Where snake_case is the standard

snake_case is not universal — it is the dominant style in specific ecosystems.

  • Python: PEP 8 mandates snake_case for all variable names, function names, method names and module (file) names. Class names use PascalCase; constants use SCREAMING_SNAKE_CASE.
  • SQL: Column names, table names and stored procedure names are conventionally written in snake_case across PostgreSQL, MySQL and most SQL dialects. SQL identifiers are case-insensitive, but snake_case is unambiguous across tools and editors.
  • Ruby: snake_case is idiomatic for method names and local variables. Rubocop, the Ruby linter, enforces this by default.
  • Rust: The compiler issues warnings for non-snake_case variable and function names. Only types and traits use PascalCase.
  • File names: snake_case is safe for file names on all operating systems because underscores are unambiguous. Spaces cause problems in shell scripts; hyphens are treated as operators in some contexts.
  • REST API JSON keys: Many REST APIs (particularly those designed by Python or Ruby teams) return JSON with snake_case keys: first_name, created_at, account_id.

snake_case vs kebab-case

Both snake_case and kebab-case use lowercase words — the only difference is the separator character. snake_case uses underscores (_); kebab-case uses hyphens (-). The choice of separator is determined by where the identifier will be used:

  • In code (Python, SQL, Rust): use snake_case.

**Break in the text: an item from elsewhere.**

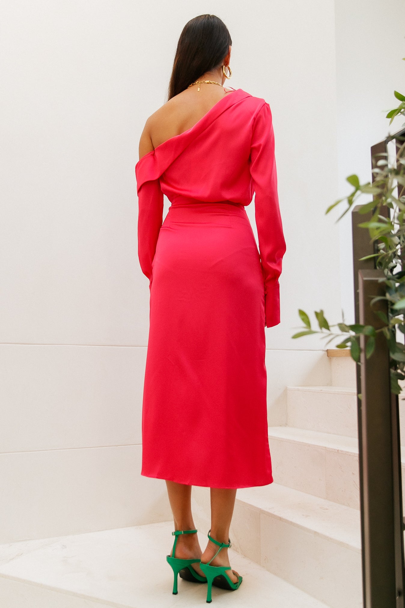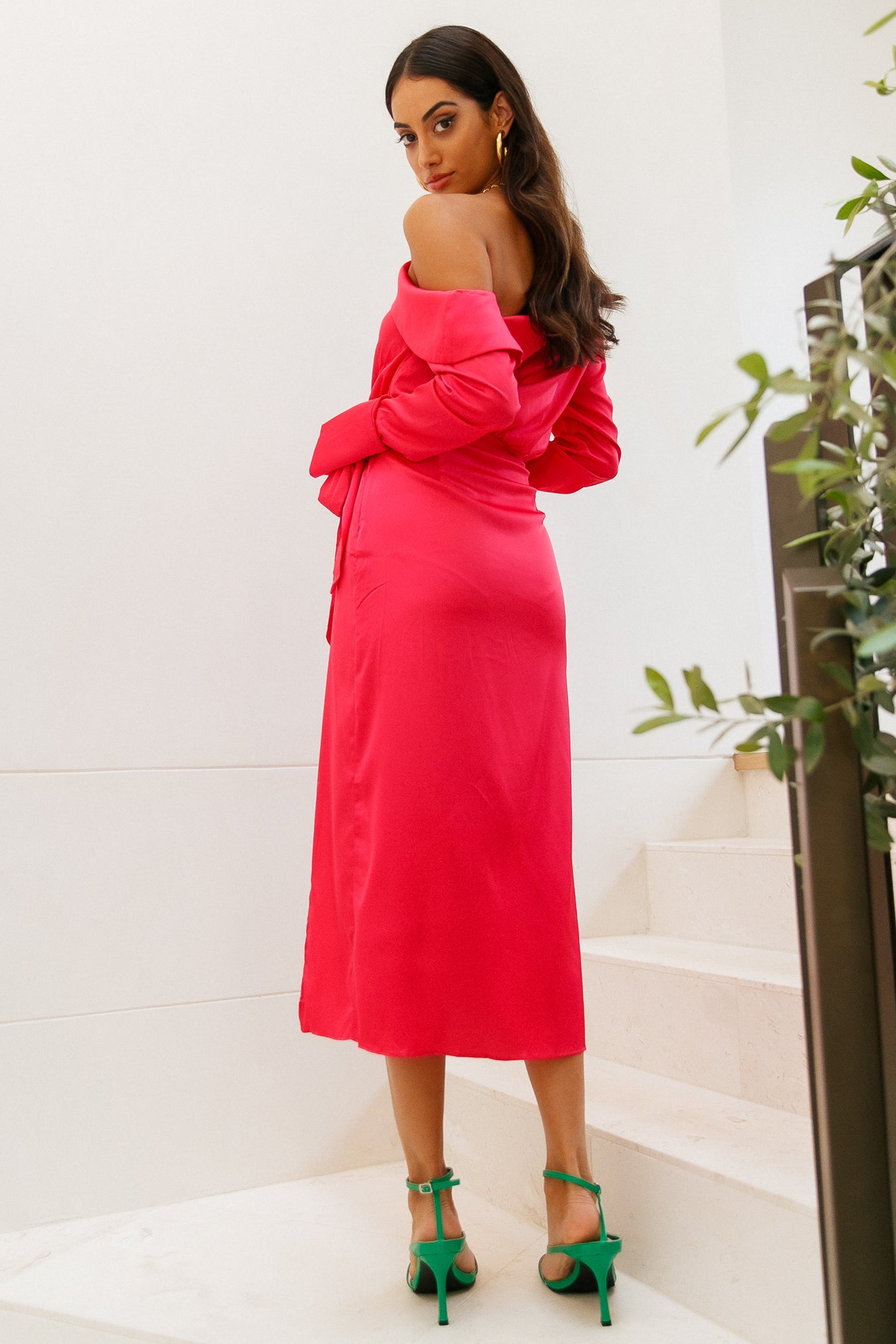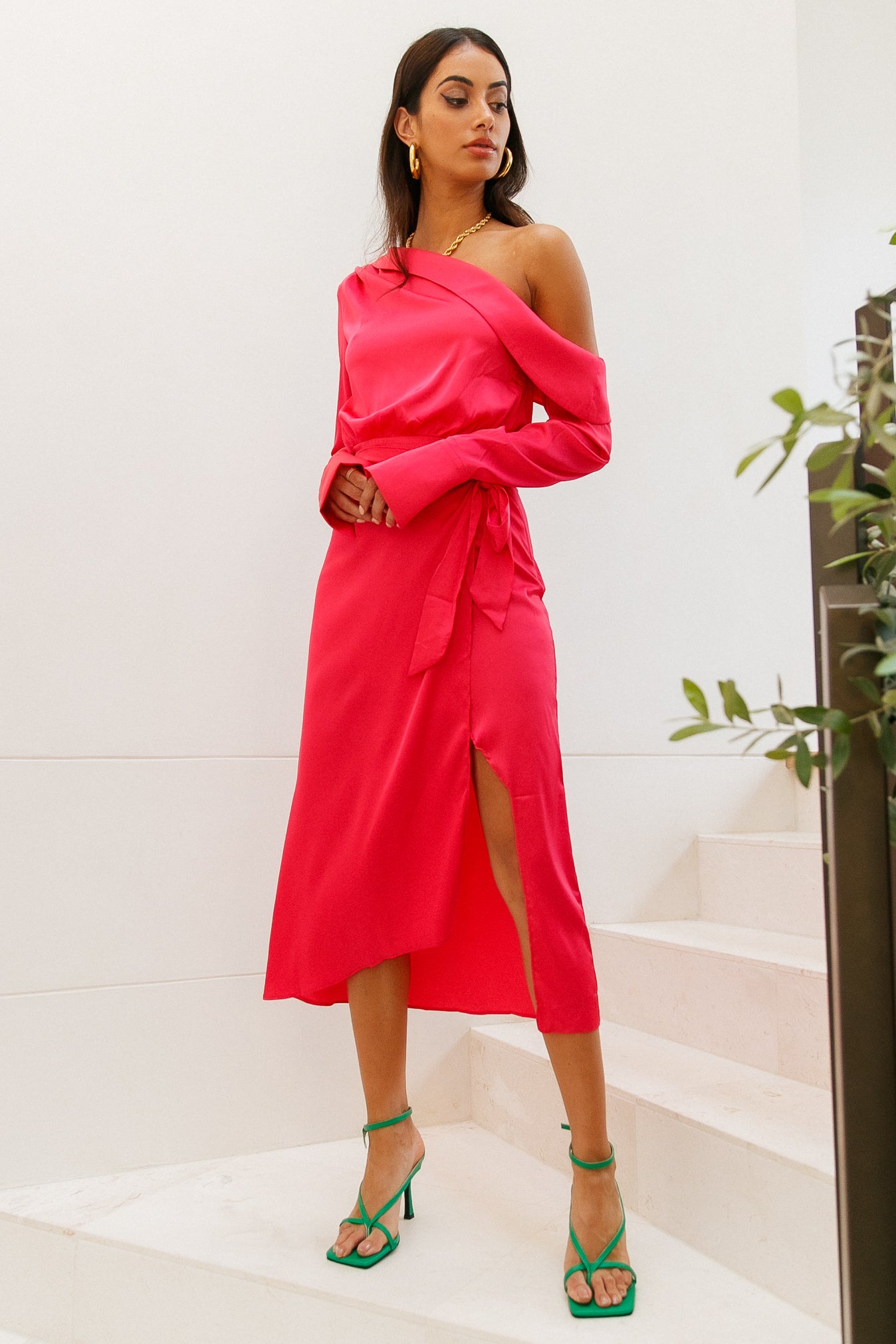 Fabulous. This one word encompasses your entire personality. so you deserve a dress that's as loud as you! Introducing the Love On Top Midi which features a slashed neckline with a foldover neckline. long sleeves. a wrap detail and an asymmetrical hemline. Style yours with an updo and a pink lip.

Hyphens are not valid in most programming language identifiers because the parser interprets them as the subtraction operator.
  • In HTML/CSS: use kebab-case. CSS class names like btn-primary and HTML data attributes like data-user-id follow this convention by specification.
  • In URLs: use kebab-case. Google recommends hyphens over underscores in URL paths for better SEO, as Google's crawler historically treated underscores as word-joiners rather than word-separators.

If you are building a REST API, a common pattern is to use snake_case in the backend database and JSON payloads, and kebab-case in the URL paths: GET /api/user-profiles/{user_id}.

SCREAMING_SNAKE_CASE — the constant variant

SCREAMING_SNAKE_CASE (also called CONSTANT_CASE or UPPER_SNAKE_CASE) follows the same separator rule as snake_case but uppercases every letter. It signals to the reader that an identifier is a constant — a value that never changes at runtime.

  • MAX_CONNECTIONS — a database pool limit
  • API_BASE_URL — a configuration endpoint
  • DEFAULT_TIMEOUT_MS — a timing constant
  • HTTP_STATUS_OK — a status code alias

In Python this is used for module-level constants. In JavaScript it is used for const values that represent fixed configuration or magic numbers. In Java and C it is the standard for static final and #define values respectively.

Frequently asked questions

What is snake_case?

snake_case writes compound words in lowercase and joins them with underscores. Example: user_profile, get_user_name, total_item_count.

What is the difference between snake_case and kebab-case?

Both use lowercase words, but snake_case separates them with underscores while kebab-case uses hyphens. snake_case is standard in Python and SQL; kebab-case is standard in CSS and URL slugs.

Should I use snake_case for Python file names?

Yes. PEP 8 recommends snake_case for module names (file names without .py). Example: my_module.py, data_loader.py.